Bagi dirinya yang bukan ahli dalam bidang seperti itu karena tugas utamanya adalah asisten pribadi Santiago untuk menyelesaikan perihal urusan perusahaan, maka dia jelas meras kesulitan. Satu-satu cara adlah dengan menyewa orang untuk melakukan tugas itu.
" Dimana aku dapat orang yang bisa melakukan itu?" keluh pria itu. Sepertinya dia sudah lelah mengikuti kemauan Santiago. Terlebih tuannya itu sungguh sangat terobsesi dengan TBGS sampai melupakan pekerjaannya yang ada di Singapure. " sebenernya buat aku kayak gini, aku yang pontang-panting ngurus sana sini sedangkan dia dan adik perempuannya itu nggak ngerti sama sekali."
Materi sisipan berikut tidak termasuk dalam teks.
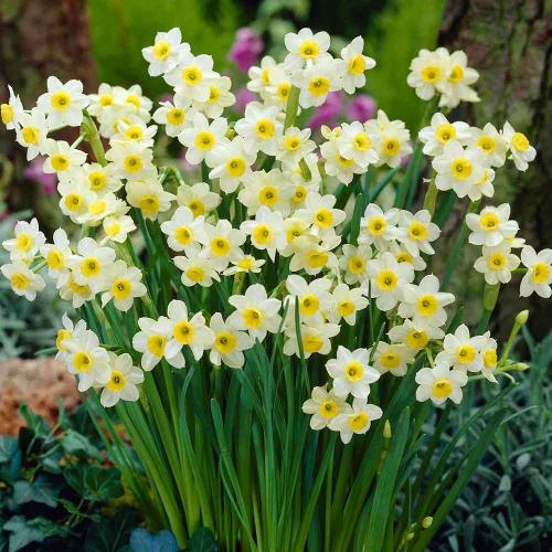 Нарцис (Narcissus) е от семейство Кокичеви. Съставен от 60 вида, произхождащи от умерените райони на Централна и Западна Европа, Западна Азия, Северна Африка. В нашата флора не се срещат представители на този род. Много видове от рода отдавна се ценят и се отглеждат като декоративни растения. Създадени са над 12 000 култивирани сорта със сложен хибриден произход, обединени под наименованието Narcissus x hybrida hort. Новите сортове имат по-едри цветове, по-стабилни дръжки, по-разнообразни багри на цветовете – бели, кремави, жълти с различна интензивност. Различните видове цъфтят от март до май и достигат от 20 до 60 см височина. Като останалите луковични растения, нарцисът се размножава чрез стари и нови луковици, които трябва да се садят през есента на дълбочина 10-15 см. Обича слънце или полусянка и вирее във всяка градинска почва.

Sebenarnya satu langkah kembali tertinggal bagi Pelmo. Saat ini lukisan The beautiful Golden Sunrise sudah dibawa pulang oleh Tara. Ia meletakkan lukisan itu di kamarnya. hal tersebut membuat Kaluna sedikit heran. Semenjak memiliki galeri yang terpisah dari rumah, Tara tidak pernah membawa lukisannya.
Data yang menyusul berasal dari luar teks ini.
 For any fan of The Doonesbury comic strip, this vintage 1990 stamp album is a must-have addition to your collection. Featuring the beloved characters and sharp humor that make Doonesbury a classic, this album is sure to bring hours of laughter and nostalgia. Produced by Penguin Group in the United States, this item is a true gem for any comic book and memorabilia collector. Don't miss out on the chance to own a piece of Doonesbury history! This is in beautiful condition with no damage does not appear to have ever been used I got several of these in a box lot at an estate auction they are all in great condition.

" Tumben bawa lukisan pulang?"
" Mau diamati Bund."
Kaluna mengernyitkan keningnya, ia kadang suka tidak mengerti dengan si sulung itu. Tapi mengingat dia sudah dewasa dan menjadi seroang suami maka Kaluna pun memilih angkat tangan untuk mencoba mengerti. Sekarang itu tugas istrinya, seperti itulah yang dipikirkan oleh Kaluna.
Setelah meletakkan lukisan itu di tempatnya, Tara merebahkan tubuhnya sejenak. Ia belum lihat istrinya sedari tadi masuk rumah. Rupanya Hilya berada di kamar mandi. terlihat dia keluar dari sana dengan tubuh yang masih sedikit basah karena baru selesai mandi.
" Mas, udah pulang dari tadi?"
" Nggak, baru aja. Maaf ya aku ninggalin kamu seharian."
" Ndak masalah, melakukan banyak kegiatan sama Bunda asik juga kok. Nggak sadar udah sore aja."
Tara merasa lega mendengar ucapan Hilya. Ia bersyukur bahwa Hilya dan ibunya mudah dekat sepeti itu. Ini sungguh keputusan yang tepat untuk membawa Hilya kemari. Tapi meskipun begitu, Tara tetap meminta Nayaka untuk mengerahkan anak buahnya. Mengingat apa yang terjadi padanya, besar kemungkinan bahwa anak dari Romario akan mengincar keluarganya.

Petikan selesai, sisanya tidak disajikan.